PRO ASYL am heutigen Tage: „Diese richterliche Fiktion ist von der Realität überholt worden. Die Asylantragstellung ist nun bekannt. Die Gefährdung kann nicht mehr strittig sein. Denn selbst das Auswärtige Amt hat in einer Auskunft vom 31. Mai 1995 darauf hingewiesen, daß ein bekannt gewordener Asylantrag eines libyschen Staatsangehörigen im Ausland nicht unerhebliche Repressalien nach sich ziehen dürfte.“
Die Libysche Liga für Menschenrechte, Sektion Deutschland, behauptet, zwei im Januar 1998 ebenfalls nach negativen Asylentscheidungen der 15. Kammer nach Tunesien abgeschobene Libyer seien von dort direkt an Libyen ausgeliefert und inhaftiert worden.
Zwischen den Maghreb-Staaten besteht ein multilaterales Abkommen zur gegenseitigen Auslieferung von Staatsangehörigen. amnesty international sind Fälle der zwangsweisen Rückführung aus Ägypten und Sudan bekannt, die die Inhaftierung der Rückkehrer nach sich zogen. Da auch Auslieferungen von tunesischen Flüchtlingen aus Libyen nach Tunesien bekannt sind, muß davon ausgegangen werden, daß libysche Flüchtlinge ebenfalls von tunesischen Behörden ausgeliefert werden.
PRO ASYL: „Vor diesem Hintergrund weiterhin die Entscheidung aufrecht zu erhalten, der Asylantrag sei ‚offensichtlich unbegründet‘, ist ein Skandal.“
PRO ASYL kritisiert auch das Verhalten des Bundesgrenzschutzes. Dieser dürfe Menschen im Flughafenverfahren, die ihre Situation nicht überschauen können, nicht mit Konsularbeamten ihres Heimatstaaten konfrontieren, ohne darauf hinzuweisen, daß es sich um solche handelt und daß das Ziel des Gespräches die Beschaffung von Heimreisedokumenten ist.
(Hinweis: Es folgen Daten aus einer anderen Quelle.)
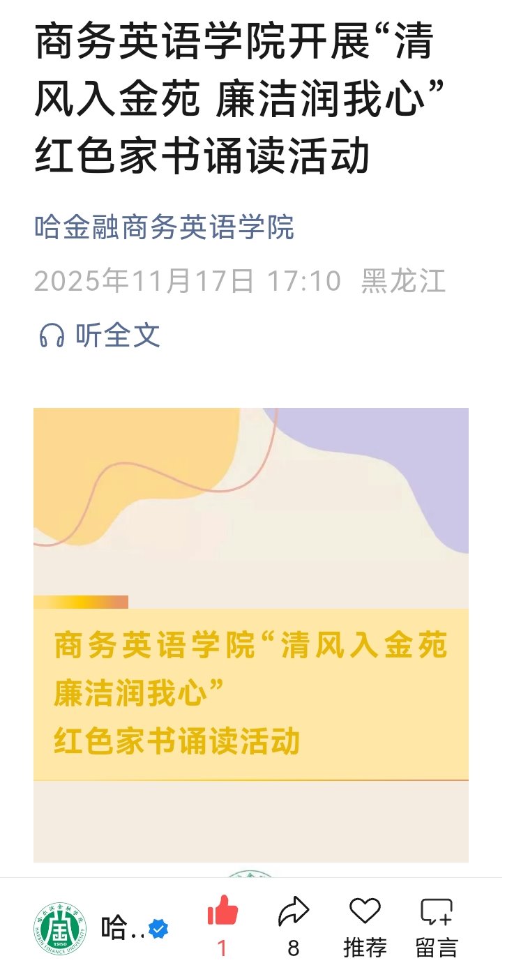 此次活动以红色家书为载体,引导学生从《夏明翰致母亲书》《聂荣臻元帅写给父母的信》等作品中感悟革命先辈的家国情怀与廉洁操守。活动共征集文稿、视频作品数十份,经评选,2023级商务英语3班王世凤、包家妮、赵美佳,2025级商务英语3班张嘉妮、崔佳慧、鄢欣悦、李明骁等同学的作品入选优秀作品。此次活动不仅是红色基因与廉洁文化的传承实践,更是以专业特色为纽带,让青年学生在语言表达与文化浸润中厚植崇廉尚洁的精神底色。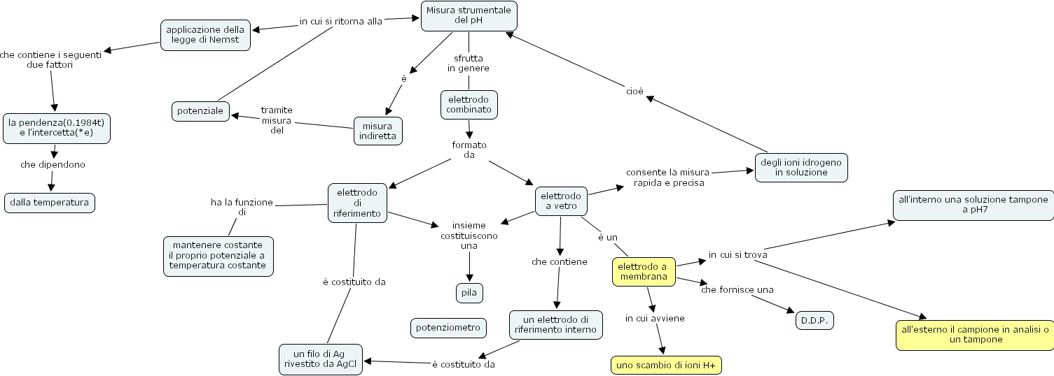 luka misura del ph, degli ioni idrogeno in soluzione, all'interno una soluzione tampone a ph7, uno scambio di ioni h , all'esterno il campione in analisi o un tampone, mantenere costante il proprio potenziale a temperatura costante, elettrodo combinato, applicazione della legge di nernst, un elettrodo di riferimento interno, elettrodo a vetro, un filo di ag rivestito da agcl, d.d.p., potenziale, misura strumentale del ph, misura indiretta, la pendenza(0.1984t) e l'intercetta( e), elettrodo di riferimento, pila, elettrodo a membrana, potenziometro, dalla temperatura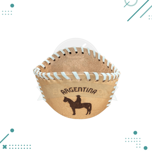 Un clásico argentino que combina tradición y estilo. Este mate está elaborado con calabaza natural curada, revestida en su base con cuero vaqueta genuino, cosido artesanalmente con tiento. Su diseño destaca por el grabado del gaucho a caballo y la palabra Argentina, símbolo de identidad y orgullo nacional.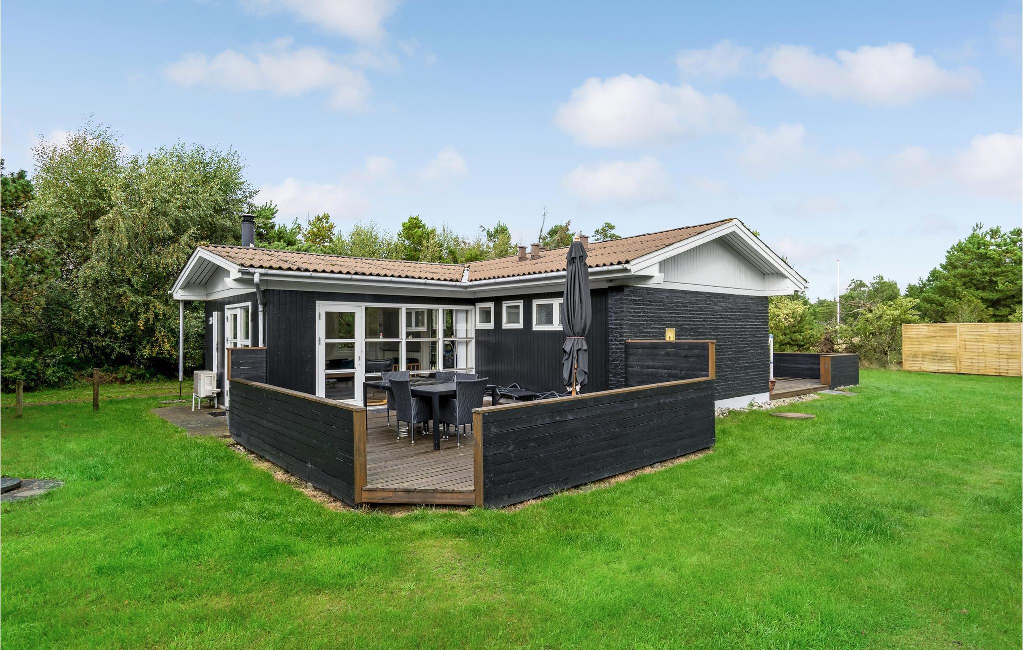 Hyggeligt træhus nær Blåvand med spabad, sauna og natur tæt på by og strand.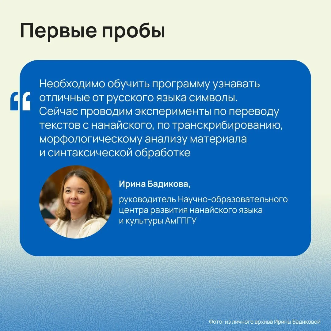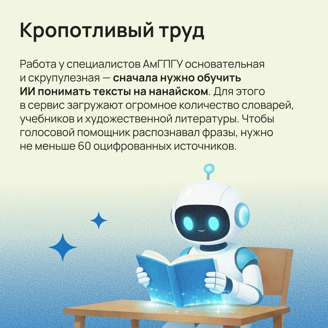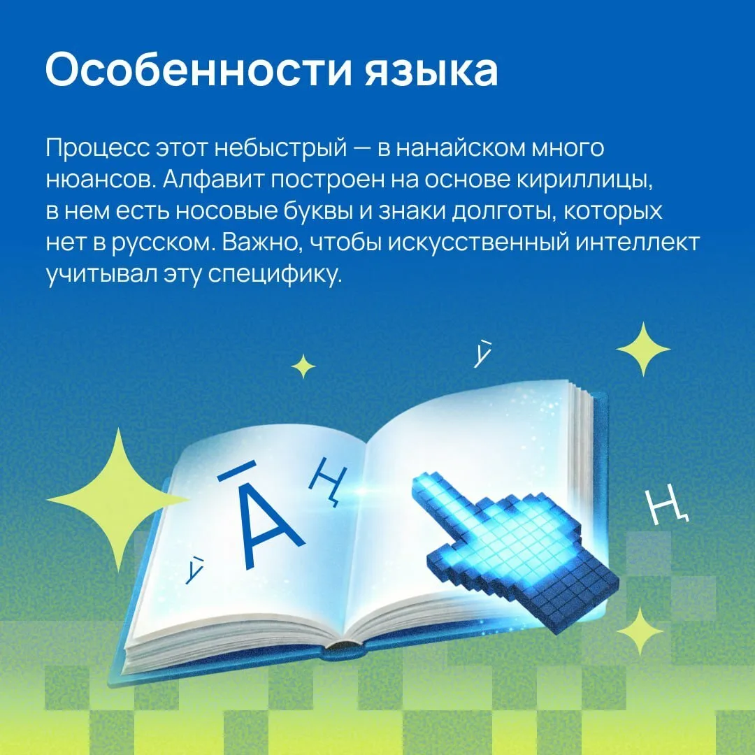 В регионе проживают чуть больше 10 тысяч нанайцев, а активно разговаривают на родном языке менее 300 человек. Речь этноса исчезает. Чтобы сберечь культуру коренного малочисленного народа Дальнего Востока, в Амурском гуманитарно-педагогическом госуниверситете придумали ИИ-ассистента.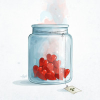 a glass jar filled with heart-shaped candies or sweets. There's also a single

Der BGS dürfe sich nicht zum Handlanger diktatorischer Regime machen lassen.
Die Abschiebung der beiden Libyer ist für morgen geplant.
Die Rechtsanwälte haben erneut Anträge auf Abänderung der gerichtlichen Entscheidung gestellt.
PRO ASYL fordert, die Abschiebung zunächst bis zur Klärung des Vorfalls vom 26. März 1998 auszusetzen.